As expected, there were a lot of fast kids. As hoped, I didn’t see any fast old farts, but I wasn’t about to look back to verify that. Just keep swimming. Most importantly, there were enough fast kids that once the field settled in, there was always someone to target. In fact, I’d say that the field depth was just right. Too many and it’s meaningless to pick ‘em off. Too few and it’s unrealistic to catch the next one, way far out front. This crowd was just right. Constant motivation. Double motivation, in fact, as it’s sweeter when you can pick off the seventeen-year-olds, and at least a half dozen fell over the last two miles.
At the two mile split I knew it was a decent night. How decent I couldn’t then – or now – say, since this wasn’t a course that would pass the USATF White Glove Test. Plenty of undelimited inside turns. Virtually unmeasureable trail sections. But no worries. Call it close enough. Call it happiness crossing the line a quarter-minute faster than the last one two weeks back, which had been my fastest in years. Maybe it was short, who cares. Eighth of nearly three hundred, and took the masters by a wide margin. Cooler, the scoring company included a “PLP” – Performance Level Percentage – rating in the results, a computation that scales your time to your exact age. I’d seen this concept before on an individual basis, but not included in the general results so you could compare yourself to everyone else of any age. Smoked them kiddies. Sweet.

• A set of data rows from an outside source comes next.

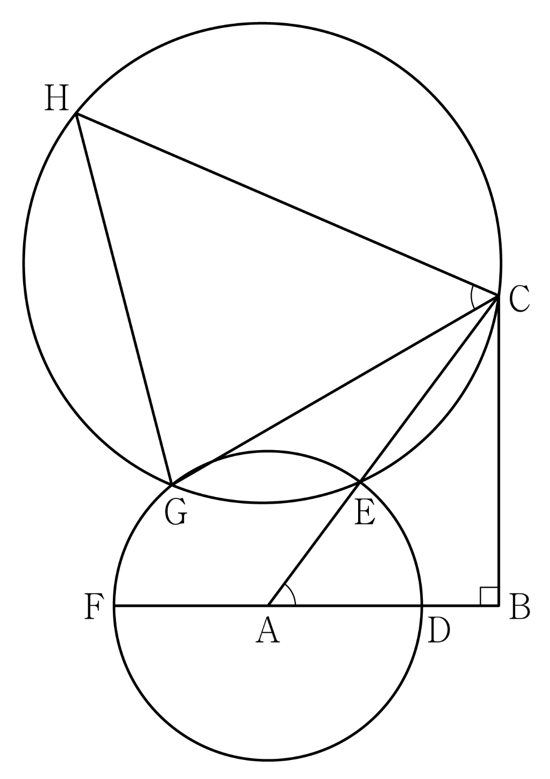 그림과 같이 $\overline{\mathrm{AB}}=3$, $\overline{\mathrm{BC}}=4$이고 $\angle \mathrm{B} = \dfrac{\pi}{2}$인 직각삼각형 $\mathrm{ABC}$가 있다. 선분 $\mathrm{AB}$를 $2:1$로 내분하는 점을 $\mathrm{D}$, 점 $\mathrm{A}$를 중심으로 하고 반지름의 길이가 $\overline{\mathrm{AD}}$인 원이 선분 $\mathrm{AC}$와 만나는 점을 $\mathrm{E}$, 직선 $\mathrm{AB}$가 이 원과 만나는 점 중 $\mathrm{D}$가 아닌 점을 $\mathrm{F}$라 하고, 호 $\mathrm{EF}$ 위의 점 $\mathrm{G}$를 $\overline{\mathrm{CG}} = 2\sqrt{6}$이 되도록 잡는다. 세 점 $\mathrm{C,\; E, \; G}$를 지나는 원 위의 점 $\mathrm{H}$가 $\angle \mathrm{HCG}=\angle \mathrm{BAC}$를만족시킬 때, 선분 $\overline{\mathrm{GH}}$의 길이는?
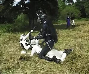 Latex Sub-Mädchen verkleiden sich in voll-Gummi
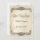 Dieses Vintage Design zeichnet sich durch einen extravaganten Bildlaufrahmen aus einer antiken Buchseite aus. Die Vorderseite hat alle Details, wer, was, wo und wann in leicht anzupassen Vorlagen und den Text Best Day Ever! und ein Platz für Sie, um die glücklichen Ehepaare Namen und Hochzeitstag auf der Rückseite ein mit einem verblassten und alten Pergament Hintergrund komplett mit zertäfelten Kanten.
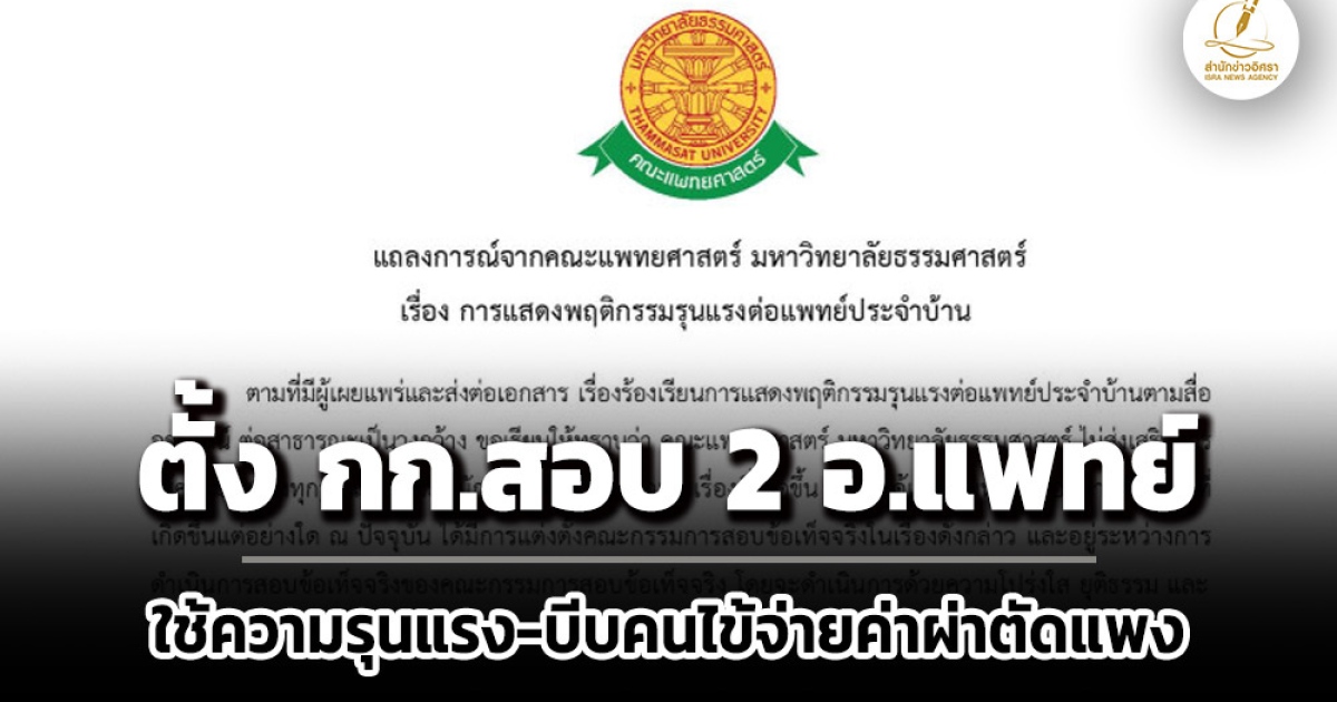 มธ.ตั้งคณะกรรมการสอบข้อเท็จจริงกรณี 2 อาจารย์หมอใช้ความรุนแรง ทำร้ายร่างกายแพทย์ประจำบ้าน-บีบคนไข้จ่ายค่าผ่าตัดแพง

Now, the funny thing is that I wasn’t the only spoiler. I was the old fart spoiler, but there was another, the young spoiler, or shoulda-been spoiler, Dan from Minnesota, posted to Jersey for a summer internship, and in a weird twist, we finished a mere seconds apart. After knocking off the half-dozen kids, he was next in my crosshairs before we ran out of runway. Figure the irony that of three hundred local runners, the two from afar finished three seconds apart. And he too should have deprived the locals of some hardware in his twenty-something age group but for an administrative error that cruelly deprived him of said medal. Ah well, he took it well, no biggie.

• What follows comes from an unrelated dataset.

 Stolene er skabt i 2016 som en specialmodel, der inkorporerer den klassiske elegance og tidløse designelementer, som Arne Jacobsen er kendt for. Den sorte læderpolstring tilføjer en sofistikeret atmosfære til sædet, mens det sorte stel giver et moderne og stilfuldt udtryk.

We figured all this out in the post-chute chit-chat, and to my amusement I found he was planning on Thursday night to hit Mt. Tabor, my original target. It would have been sweet not to have had those meetings. Three seconds apart on Tuesday called for a rematch on Thursday, but sadly, not to be. The rematch will have to wait till Dan nails his Boston qualifier, which I’m confident he will, or I find myself in Minnesota, hey, you never know.
And then? While my co-workers were (probably) out drinking in the bars, shoulda’-been spoiler Dan and I hung out on in Branchburg, New Jersey on National Night Out, downed cheap and tasty burgers whipped up for charity, enjoyed a summer night while the town selectmen battled the town cops on the softball field, and swapped running stories. What more could one ask for in life?